Chung Cheng High School (Main) is a co-educational government-aided autonomous Special Assistance Plan (SAP) secondary school in Singapore. Founded in 1939 as Chiang Kai-shek High School, it is one of the eleven SAP secondary schools in Singapore. Another Secondary School in Singapore, Chung Cheng High School (Yishun), is its sister school.

==History==
===Foundation years (1939–1947)===
Chung Cheng High School was first founded by Aw Boon Haw and other philanthropists. Construction of the school building started at 60 Kim Yam Road in 1939. The founding principal of the school was Chuang Chu Lin and the school's first school supervisor was Lim Bo Seng. Aw Boon Haw was the founding chairman of the school management board. The school started off as an all-boys' school.

Some of the founders were politically affiliated with Kuomintang and decided to name the school Chung Cheng after Chiang Chung-cheng, Premier of the Republic of China, to attract students and boost the school's reputation. The naming of the school was approved by Chiang. Chuang, wished to run the school without any political influence and frequently disobeyed instructions from Kuomintang affiliated staff, leading to conflicts between the Kuomintang affiliated and non-affiliated board members and staff.

In 1940, the Kuomintang affiliated staff reported the situation to the Chinese government and wished for instructions to close down the school. The Chinese government acceded to the request and requested the school board to close down the school. Chuang called a school assembly and during the assembly, a teacher, Li Rou Chen, pointed out that the name Chung Cheng is not exclusive to Chiang Chung-cheng and had other meanings as well. Li also suggested the school to stop associating with Chiang and to run the school neutrally. In the same year, the school disassociated with Chiang and the Kuomintang.

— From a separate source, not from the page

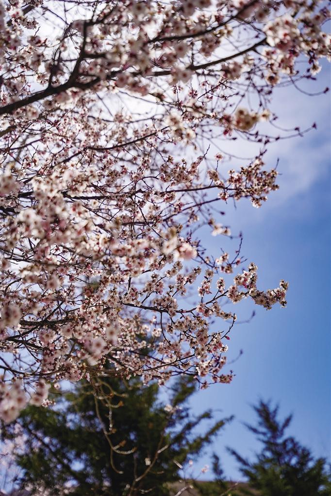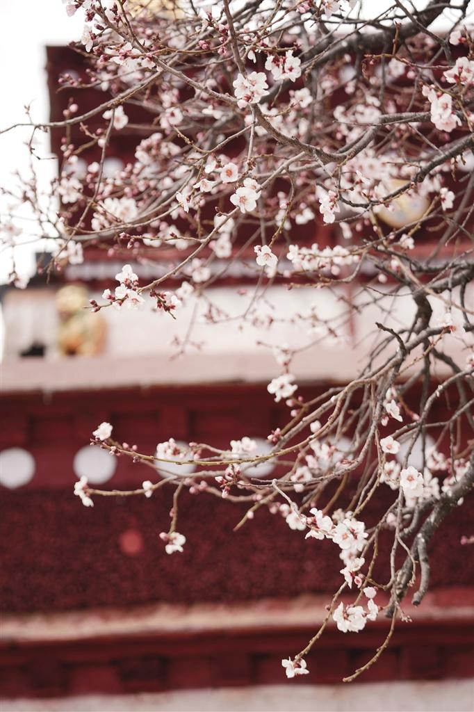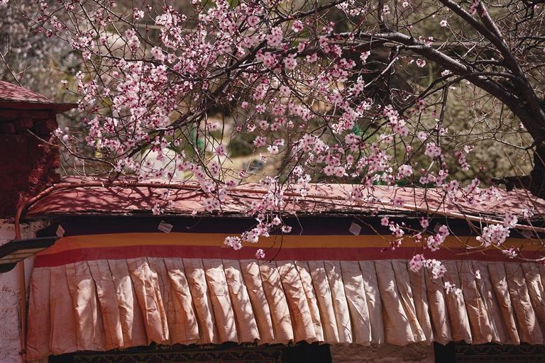 4月的帕邦喀,桃花開得正茂,桃樹枝上早已經(jīng)掛滿了大大小小的花朵,沿著石板臺(tái)階走走停停,可以看到桃樹舒展枝條,朵朵桃花爬上枝頭沐浴著春日的暖陽,在藍(lán)天白云、紅墻金頂?shù)挠骋r之下格外美麗,構(gòu)成一幅絕妙的春景詩畫。偶爾枝頭傳來清脆的鳥鳴聲,讓這里顯得愈發(fā)靜謐美好。

In 1940, Xie Rongxi took over as chairman of the management board. Students came from as far as Thailand and the Philippines. Following the Japanese occupation of Singapore in 1942, the school was forced to stop classes.

After the war, classes resumed and the school started enrolling female students. To support youths whose education was disrupted by war, the school started accepting students whose ages were older than the average. Xie Rongxi was re-appointed as chairman of the management committee and Chuang Chu Lin was re-appointed the principal. The school achieved top honours among Singapore schools in the first national examination after the war.

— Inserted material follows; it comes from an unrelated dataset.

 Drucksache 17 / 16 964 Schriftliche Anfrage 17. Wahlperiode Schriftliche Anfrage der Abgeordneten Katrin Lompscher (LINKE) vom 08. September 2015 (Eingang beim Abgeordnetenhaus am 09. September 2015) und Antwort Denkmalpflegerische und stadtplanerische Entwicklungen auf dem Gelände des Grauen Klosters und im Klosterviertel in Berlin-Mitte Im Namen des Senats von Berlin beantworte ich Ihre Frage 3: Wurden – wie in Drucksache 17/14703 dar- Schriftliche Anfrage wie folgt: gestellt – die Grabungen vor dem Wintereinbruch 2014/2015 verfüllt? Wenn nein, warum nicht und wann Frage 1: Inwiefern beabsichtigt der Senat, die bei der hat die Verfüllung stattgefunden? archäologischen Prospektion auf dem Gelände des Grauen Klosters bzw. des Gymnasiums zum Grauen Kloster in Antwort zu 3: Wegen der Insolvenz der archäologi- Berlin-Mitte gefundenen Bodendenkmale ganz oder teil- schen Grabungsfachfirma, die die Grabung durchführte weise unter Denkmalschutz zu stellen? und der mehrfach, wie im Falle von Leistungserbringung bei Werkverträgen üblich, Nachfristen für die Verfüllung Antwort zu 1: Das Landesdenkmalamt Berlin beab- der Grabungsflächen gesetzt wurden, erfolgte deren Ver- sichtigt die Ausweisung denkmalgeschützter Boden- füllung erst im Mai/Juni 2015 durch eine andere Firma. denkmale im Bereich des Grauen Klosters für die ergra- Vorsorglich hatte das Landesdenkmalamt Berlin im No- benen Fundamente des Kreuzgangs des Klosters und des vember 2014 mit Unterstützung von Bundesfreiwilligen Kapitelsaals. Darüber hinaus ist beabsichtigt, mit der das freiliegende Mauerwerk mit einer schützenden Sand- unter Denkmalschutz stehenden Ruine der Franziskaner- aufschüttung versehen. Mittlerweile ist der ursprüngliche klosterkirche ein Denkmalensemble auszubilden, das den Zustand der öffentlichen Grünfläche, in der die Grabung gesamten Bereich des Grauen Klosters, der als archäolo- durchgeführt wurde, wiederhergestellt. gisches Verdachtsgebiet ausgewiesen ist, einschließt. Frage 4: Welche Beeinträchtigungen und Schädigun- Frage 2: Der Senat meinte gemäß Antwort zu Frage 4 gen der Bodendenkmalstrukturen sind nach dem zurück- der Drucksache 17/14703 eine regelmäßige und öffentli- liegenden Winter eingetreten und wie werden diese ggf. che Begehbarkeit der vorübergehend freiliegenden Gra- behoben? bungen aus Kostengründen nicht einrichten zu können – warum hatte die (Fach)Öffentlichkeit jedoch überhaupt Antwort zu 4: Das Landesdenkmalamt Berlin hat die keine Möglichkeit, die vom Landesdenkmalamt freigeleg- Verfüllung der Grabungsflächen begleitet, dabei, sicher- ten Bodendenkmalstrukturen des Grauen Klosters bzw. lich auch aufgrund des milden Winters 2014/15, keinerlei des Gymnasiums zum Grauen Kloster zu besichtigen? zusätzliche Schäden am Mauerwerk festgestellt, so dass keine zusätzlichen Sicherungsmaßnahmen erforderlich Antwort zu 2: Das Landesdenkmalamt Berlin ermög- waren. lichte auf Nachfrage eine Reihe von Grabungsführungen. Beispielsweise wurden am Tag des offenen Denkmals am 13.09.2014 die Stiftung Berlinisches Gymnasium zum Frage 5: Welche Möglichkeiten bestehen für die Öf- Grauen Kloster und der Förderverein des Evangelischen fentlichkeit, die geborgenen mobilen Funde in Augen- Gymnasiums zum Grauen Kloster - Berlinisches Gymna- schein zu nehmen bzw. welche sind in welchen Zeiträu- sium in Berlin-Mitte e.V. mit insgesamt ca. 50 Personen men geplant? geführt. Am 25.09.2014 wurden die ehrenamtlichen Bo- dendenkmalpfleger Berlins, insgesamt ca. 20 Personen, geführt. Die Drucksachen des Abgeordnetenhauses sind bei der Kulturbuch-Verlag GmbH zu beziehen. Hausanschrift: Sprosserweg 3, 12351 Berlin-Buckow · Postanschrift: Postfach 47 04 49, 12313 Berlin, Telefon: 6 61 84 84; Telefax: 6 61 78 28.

===Establishment of branch school===

In 1947, the School Management Board, headed by Lin Shi Wan, acquired a piece of land at Goodman Road for a new premise to cope the increasing student population. Back in its early days, the premise held up to 2,400 students. The new institution premise was named Chung Cheng High School (Main) while the premise at Kim Yam.

In 1968, the Administration Building (Zhulin Building) was completed along with the entrance arch. It was officially declared open by Prime Minister Lee Kuan Yew on 21 July 1968. The building incorporated proper educational facilities such as a library, laboratories, and the largest auditorium in Singapore of the time, with a seating capacity of over 2,000.

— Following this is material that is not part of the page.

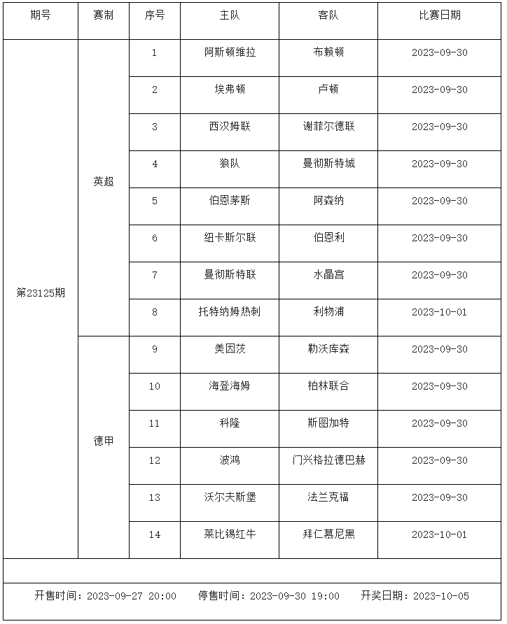 萊比錫周中德國杯3:2擊敗韋恩,各項賽事取得6連勝,出色的防守能力是萊比錫在今夏大失血之后依舊能保持競爭力的關(guān)鍵。在德甲賽季初的5場比賽里萊比錫打進14球僅失4球,是目前德甲失球最少的球隊之一,以亨利西斯+西馬坎+盧科巴+勞姆的后防組合功不可沒。拜仁上輪聯(lián)賽7:0血洗波鴻,凱恩上演帽子戲法,目前打進7球排在德甲射手榜第2的位置。目前隊內(nèi)主力前腰穆西亞拉因傷無法出戰(zhàn),舒波莫廷替代他的位置,和科曼、薩內(nèi)以及凱恩梳理球隊攻擊線,球隊的替補席上還有穆勒、格雷茨卡和格拉布里等眾多進攻好手,球隊主帥圖赫爾能夠打出的牌還有不少。兩支球隊在本賽季初的德國超級杯中有過交手,當時拜仁以0:3的比分不敵萊比錫,當時凱恩還未加入球隊,并非最強陣容出戰(zhàn),經(jīng)歷了多場比賽的磨合之后,拜仁有信心能夠復仇對手全身而退。足球彩票勝負游戲(14場和任選9場)第23125期賽程:

In May 1969, the School Management Committee of Chung Cheng High School and The Singapore Hokkien Huay Kuan agreed on an exchange of campus land of Chung Cheng High School (Branch) with a newly built Kong Hwa Wing building adjacent to Kong Hwa School. As such, Chung Cheng High School (Branch) was relocated to 339 Guillemard Road, while the original premises at 60 Kim Yam Rd became part of the extension for the campus of Nan Chiau Girls' High School.

The school's auditorium was completed in 1968 and the Science and Technology Block was completed and declared open on 20 April 1975. In 1979, Chung Cheng High School (Main) became one of the nine schools piloting the Special Assistance Plan. Under this scheme, the school offers both the English and Chinese languages as first languages to Special Stream students.

However, Chung Cheng High School was accused in the education sector in the 1980s for improving its standards through exploiting its status, by drawing potential students from schools that were not selected as Special stream schools.

===Attainment of autonomous status===
Work on the building of the Gewu Building, which is also known as the Craft & Technical Complex began in 1990, and was completed by 1992.

The school achieved autonomous status in 1996 in recognition of consistent value-added academic performance.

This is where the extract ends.